Genetics of Colo-rectal Cancer

Bowel cancer is unfortunately a very common cancer. Here in Australia, a person’s lifetime risk of developing bowel cancer is approximately 1 in 20 (1 in 18 for man and 1 in 26 for woman)

There are many genes involved in the development of bowel cancer. Some of the major genes are now known. However many other genes and their role in the development in colorectal cancer are still to be discovered.

Relevance of a family history to Risk of Developing Bowel Cancer

Generally, having a family history would increase one’s risk of bowel cancer.

If one has a first or second-degree relative who has had bowel cancer at the aged of 55 or older, one’s risk of having bowel cancer would be double (X2)

If one has a first-degree relative who has at bowel cancer diagnosed younger than the age of 55, one’s risk of bowel cancer would be increased three to six-fold (X3-6)

If one has two first or second-degree relatives on the same side of the family with bowel cancer (at any age), one’s risk of bowel cancer would be increased three to six-fold (X3-6)

(Note: the above calculations are based on the base rate of 1 in 50 in someone without any family history)

Effects of Age on Risk of  Developing Bowel Cancer

In addition one’s risk of bowel cancer increases with age. One’s risk of bowel cancer is quite low prior to 40 years of age. This risk increases sharply around the age or 50-55, doubling with each subsequent decade.

It is best that you see a doctor to discuss your risk of bowel cancer.

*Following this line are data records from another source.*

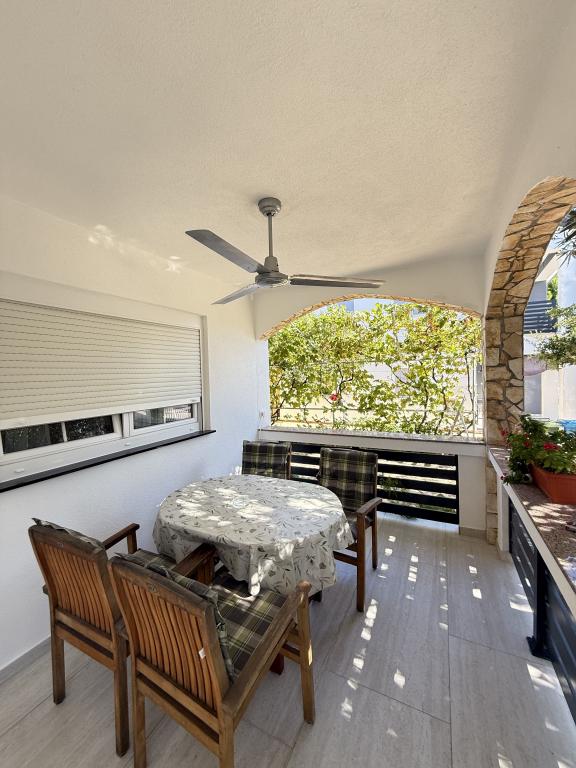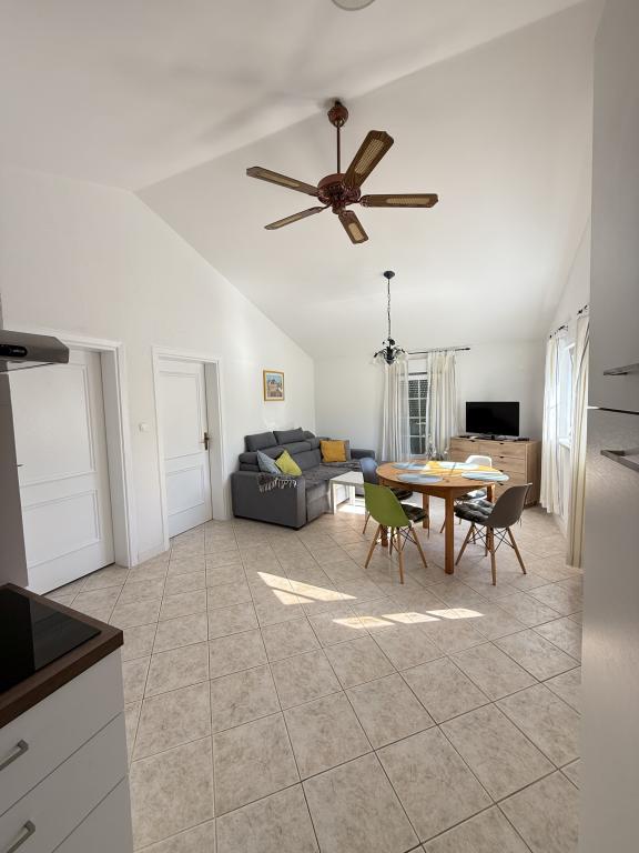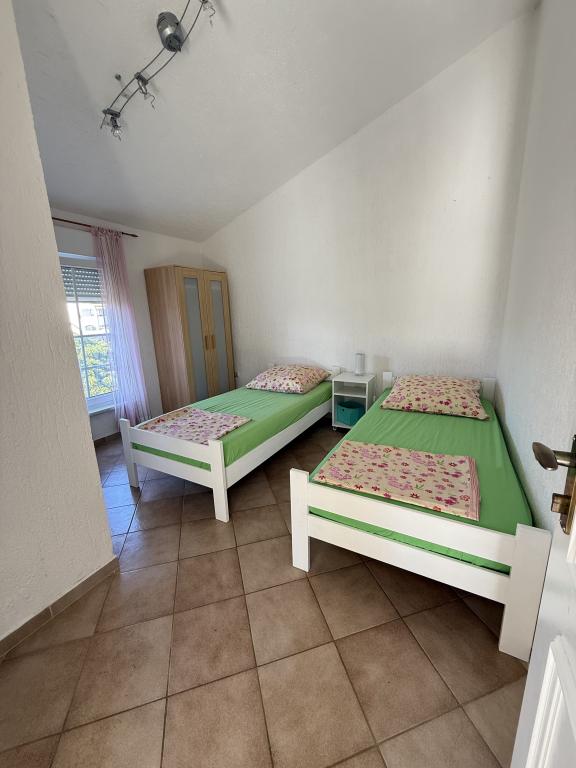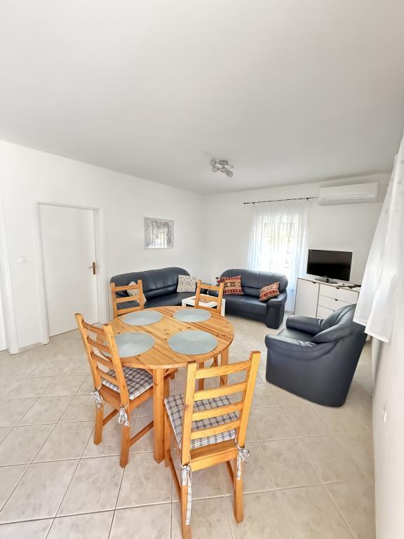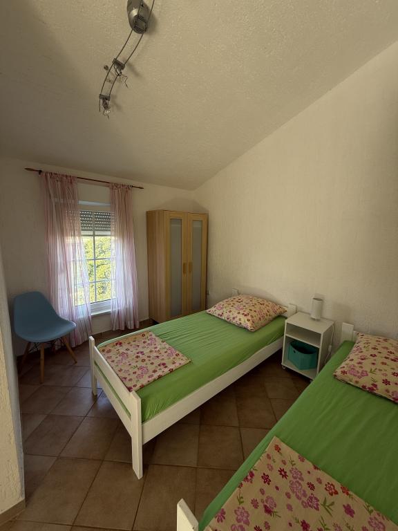 Na otoku Viru, svega 150 metara od mora, nalaze se dva apartmana kapaciteta do 5 osoba. Apartmani su moderno opremljeni, klimatizirani i prilagođeni udobnom boravku. Svaki apartman ima vlastitu terasu s prostorom za sjedenje, a u ograđenom dvorištu gostima su na raspolaganju privatni parking i grill. Blizina mora i plaže, zajedno s praktičnim sadržajima, čine ove apartmane pogodnim izborom za obitelji i manje grupe prijatelja koji traže smještaj u neposrednoj blizini svih glavnih sadržaja. Apartmani su pogodani za smještaj do 5 osoba. Sastoje se od dvije spavaće sobe, u apartmanima se nalazi kupaonica s tušem i perilicom rublja, te kompletno opremljena kuhinja povezana s dnevnim boravkom. Za opuštanje i boravak na otvorenom tu je i terasa s prostorom za sjedenje. Apartmani su klimatizirani i moderno uređeni, idealani za obiteljski odmor ili boravak u manjoj grupi prijatelja.
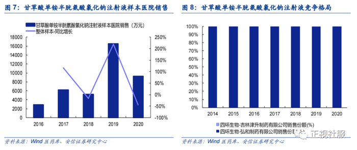 甘草酸单铵半胱氨酸氯化钠注射液具有抗肝中毒、降低谷丙转氨酶、恢复肝细胞功能的功效,主要用于慢性迁延必肝炎、慢性活动必肝炎、急性肝炎、肝中毒、初期肝硬化等治疗。根据Wind医药库数据,2019年甘草酸单铵半胱氨酸氯化钠注射液样本医院销售1.65亿元,同比增长218.47%,主要得益于进入医保后产品快速放量。2020年样本医院销售同比下降主要是疫情影响所致,看好2021年其销售恢复性增长。
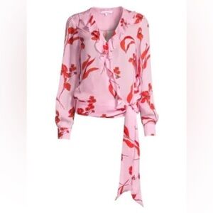 Gorgeous women’s Parker Pink Red Floral Print Silk Blend Pasha Ruffle Wrap Blouse. Fluttering ruffle trim and a banded self-tie waistband adds a 1970s-inspired feel to this floral blouse.
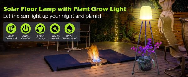 Elevate your outdoor d??cor with this set of two 42.5-inch metal solar floor lamps. Each lamp comes with a built-in plant stand, combining illumination with a stylish spot for your plants. The solar-powered lights are perfect for outdoor use on patios, gardens, decks, or pathways, and are designed to withstand all weather conditions with their waterproof construction. These lamps automatically light up at dusk, providing both aesthetic charm and functionality to your outdoor spaces.
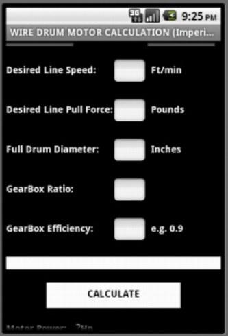 Můžete vypočítat kapacitu drátů na bubny a výpočty motoru/točivého momentu.
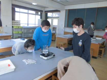 ビーカーに水を入れて火にかけ,水の様子を観察しました。
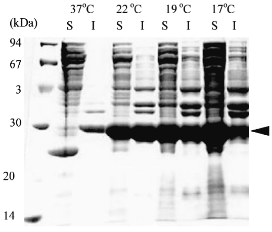 S-体のシアノヒドリンを合成する酵素としてトウダイグサ科のキャッサバやパラゴムノキ (Hevea brasilliensis) 由来の (S)-HNLが知られているが、いずれも植物組織中の含量が少なく、工業利用するためには組換え系を使った大量生産法の開発が必要であった4,5)。筆者らは、キャッサバ由来のMeHNLを組換え大腸菌を用いて大量生産する方法の開発を行った6)。キャッサバからクローニングした天然型のMeHNL配列を大腸菌pETシステムで発現を行ったところ、発現量はごくわずかであった。そこで、レアコドンの改変を行い、コドン使用頻度を大腸菌型に改変した結果、酵素発現量を増大させることができた。しかし、活性を示す可溶型MeHNLの量は、生産されたMeHNLのうちごくわずかであり、ほとんどが活性の無いインクルージョンボディとして生産されていたことがわかった。そこで、インクルージョンボディ形成を抑制するための手段として、低温培養を試みた。

Familial/hereditary Bowel Cancer

Hereditary colorectal cancer has 2 well-known forms:

  1. Familial Adenomatous Polyposis (FAP) – this is due to mutations in the APC gene. This disease is characterized by the development of hundreds of polyps in the bowel. FAP also associated with desmoid tumour (this tumour can grown around the bowels and cause bowel blockage), benign cysts in the limbs/face/scalp,  benign bony tumours in the jawbone, pigmentation of the retina and cancer in the duodenum.
  2. Hereditary Non Polyposis Colorectal Cancer (HNPCC) – this is due to mutations in the genes that repair damage to our DNA. This condition is also know as the Lynch syndrome. About 2-5% of all colon cancers are attributed to HNPCC. This can also cause cancers in the small bowel, uterus and urinary tract.

If you have 2 or more family members with bowel cancer or other cancers associated with familial bowel cancer (e.g. uterine, small bowel and urinary tract cancers) it is important that you discuss this with a doctor. A detailed family tree needs to be taken and further information would also need to be obtained in regards to cancers in the other family members.